(Work required):
No picture belongs in the answer, which must hold exactly the lines from the one with "Ну, и напоследок, цены" through the final line below.

+++ Data excerpt

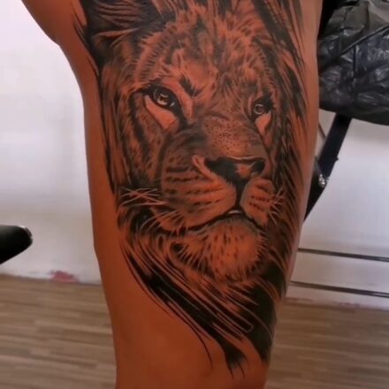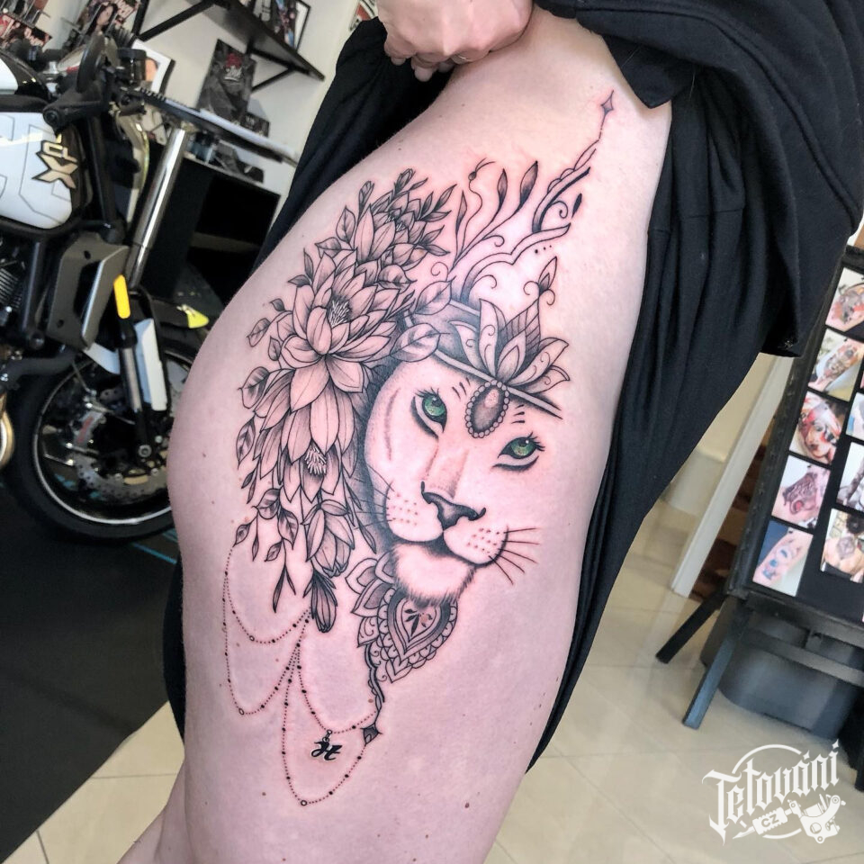 Tetování zvíře, lev znamení zvěrokruhu na boku stehna
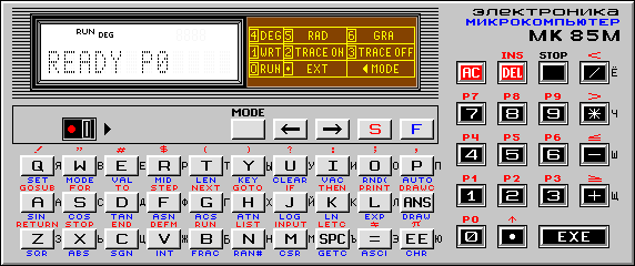 В папке soft некоторые мои программки. Чтобы запустить программу, скопируйте файл RAM.BIN в папку с эмулятором MK85M.exe, запустите эмулятор и нажмите кнопку [S] + [P0]. Программы надо запускать при эмуляции МК85, то есть RamSize=2048.
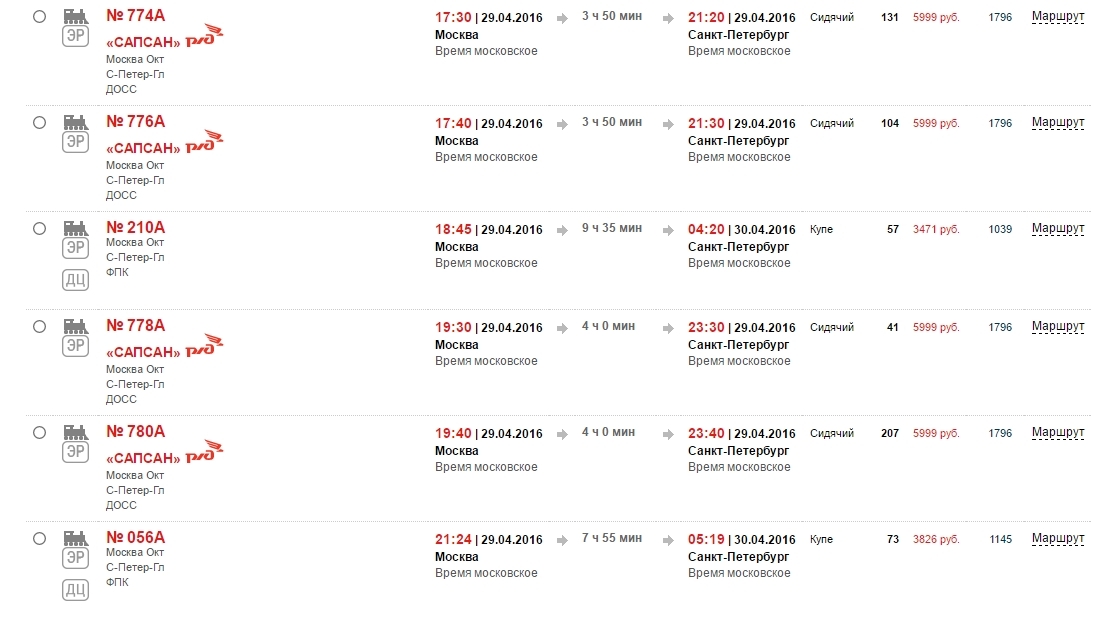 Ну, и напоследок, цены на "Сапсан" Москва - СПб на 29 апреля, пятницу перед майскими:
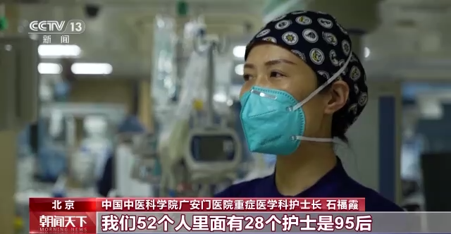 中国中医科学院广安门医院重症医学科护士长 石福霞:我们52个人里面有28个护士是95后,其中又有8个护士是00后,我们最年轻的护士是01年。她们在家里是父母的宝贝,在单位是我的宝贝。

++++++

(The completed task):
 Ну, и напоследок, цены на "Сапсан" Москва - СПб на 29 апреля, пятницу перед майскими:
 中国中医科学院广安门医院重症医学科护士长 石福霞:我们52个人里面有28个护士是95后,其中又有8个护士是00后,我们最年轻的护士是01年。她们在家里是父母的宝贝,在单位是我的宝贝。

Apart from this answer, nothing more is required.